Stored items
*** Block opens ***

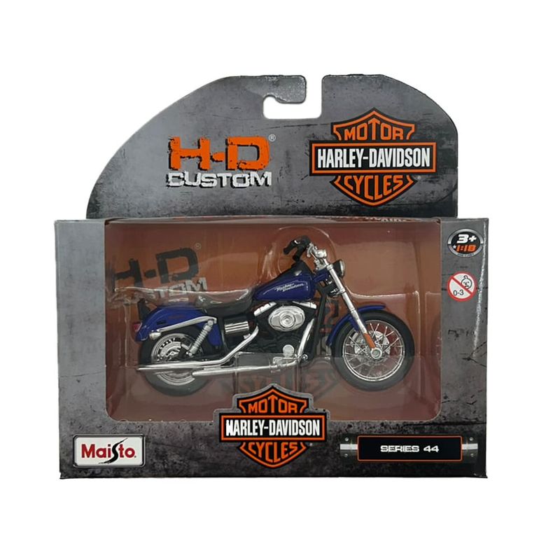 Maisto – Moto Harley-Davidson 2006 Dyna Street Bob Série 44 (Harley-Davidson Custom – Escala 1:18) Este modelo da Maisto representa a clássica Harley-Davidson Dyna Street Bob 2006, integrante da Série 44 da linha Harley-Davidson Custom. Com acabamento em azul, escala 1:18 e cerca de 12 cm de comprimento, a miniatura destaca o estilo minimalista e autêntico da motocicleta, inspirada na tradição bobber com visual limpo e postura agressiva. Detalhes do Produto: Fabricante: Maisto Linha/Série: Harley-Davidson Custom – Série 44 Modelo: Harley-Davidson 2006 Dyna Street Bob Montadora: Harley-Davidson Cor: Azul Escala: 1:18 Comprimento aproximado: 12 cm Composição: Metal, plástico e borracha Idade recomendada: A partir de 3 anos Dimensões da embalagem: 6,5 cm x 18 cm x 10,7 cm Com guidão elevado, assento solo e acabamento detalhado, a Dyna Street Bob Série 44 é ideal para composições temáticas, vitrines de motocicletas customizadas ou coleções dedicadas à linha Dyna da Harley-Davidson. Os elementos visuais exclusivos da Série 44 reforçam o caráter autêntico e estilizado da miniatura, tornando-a uma peça de destaque na coleção.
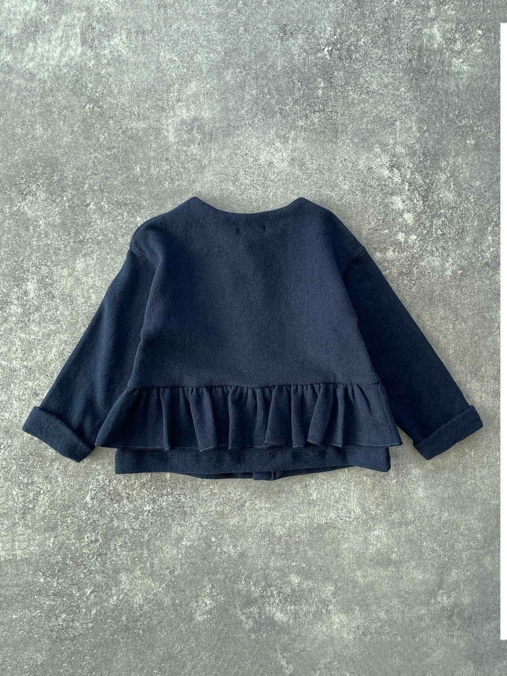 1 + in the family VANESSA dark-blue ワンモア イン ザ ファミリー ウエストフリルカーディガン(ダークブルー)
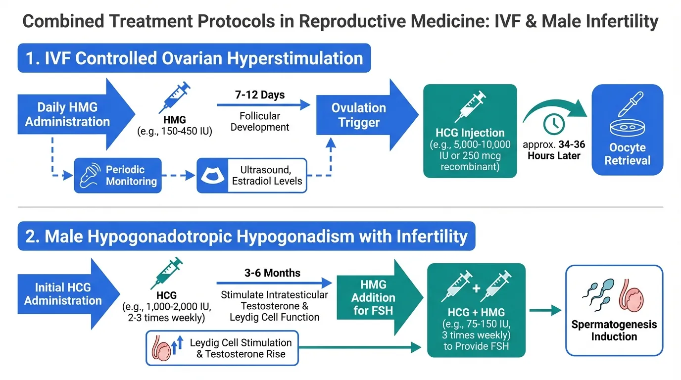 HCG and HMG are routinely used together in reproductive medicine. The most common protocol involves HMG for ovarian stimulation (providing FSH and LH for follicular growth) followed by a single HCG injection as the ovulation trigger (providing the LH surge for final oocyte maturation). This sequential combination is the foundation of most IVF protocols.
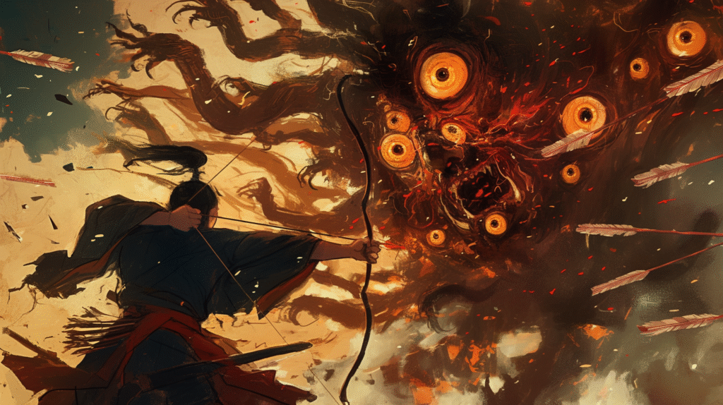 秀郷は得意の弓で百目鬼を狙いました。しかし、百目鬼は100の目で矢を見切り、なかなか当たりません。
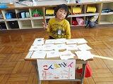 1月17日昼休み、2・3年生にお客さんになってもらいおみせやさんごっこをしました。国語の『ものの名まえ』で一つ一つの名まえとまとめてつけた名まえを学習したので、4人がそれぞれお店屋さんになり、そこで売る品物をたくさん考え、作りました。2・3年生にたくさん買ってもらい、大繁盛でした。
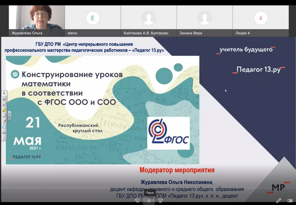 21 мая 2021 года в режиме онлайн на базе Центра непрерывного повышения профессионального мастерства педагогических работников «Педагог 13.ру» состоялся Республиканский круглый стол «Конструирование уроков математики в соответствии с ФГОС ООО и СОО».
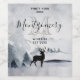 Personalized wine making bottle labels with a watercolor image featuring a black silhouette reindeer standing among some pine trees. Gray black and white neutral color scheme.
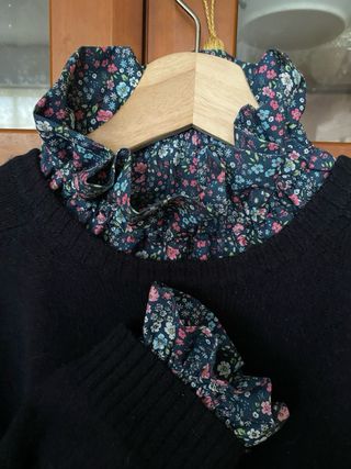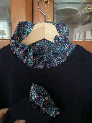 - Cuello falso con volantes. - Puños falsos a juego. - Diseño floral en tonos azules y rosas. Tela con estampado liberty
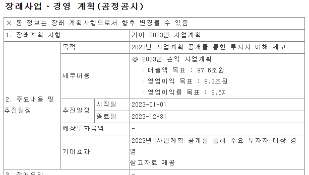 기아 주요 공시 1 : 올해 사업 목표 영업이익 9.3조원
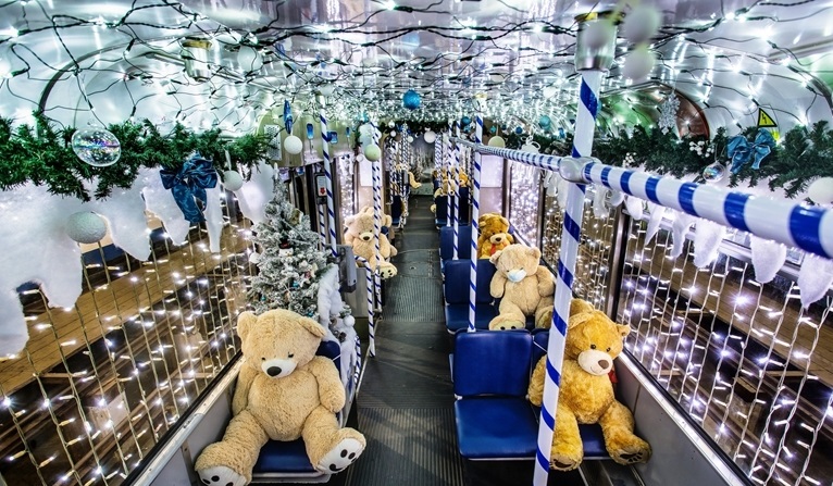 當?shù)貢r間12月9日,克羅地亞奧西耶克,為了迎接圣誕節(jié),當?shù)仉娷噧?nèi)外都被裝飾一新,并在車上的座位擺放泰迪熊玩偶。(圖片來源:東方IC)

*** Block closes ***

### Exercise directions
Starting at the line with "Personalized wine making", reproduce exactly each line through the end of the entries, including the first and the last, and skip the pictures.

### Task solution
 Personalized wine making bottle labels with a watercolor image featuring a black silhouette reindeer standing among some pine trees. Gray black and white neutral color scheme.
 - Cuello falso con volantes. - Puños falsos a juego. - Diseño floral en tonos azules y rosas. Tela con estampado liberty
 기아 주요 공시 1 : 올해 사업 목표 영업이익 9.3조원
 當?shù)貢r間12月9日,克羅地亞奧西耶克,為了迎接圣誕節(jié),當?shù)仉娷噧?nèi)外都被裝飾一新,并在車上的座位擺放泰迪熊玩偶。(圖片來源:東方IC)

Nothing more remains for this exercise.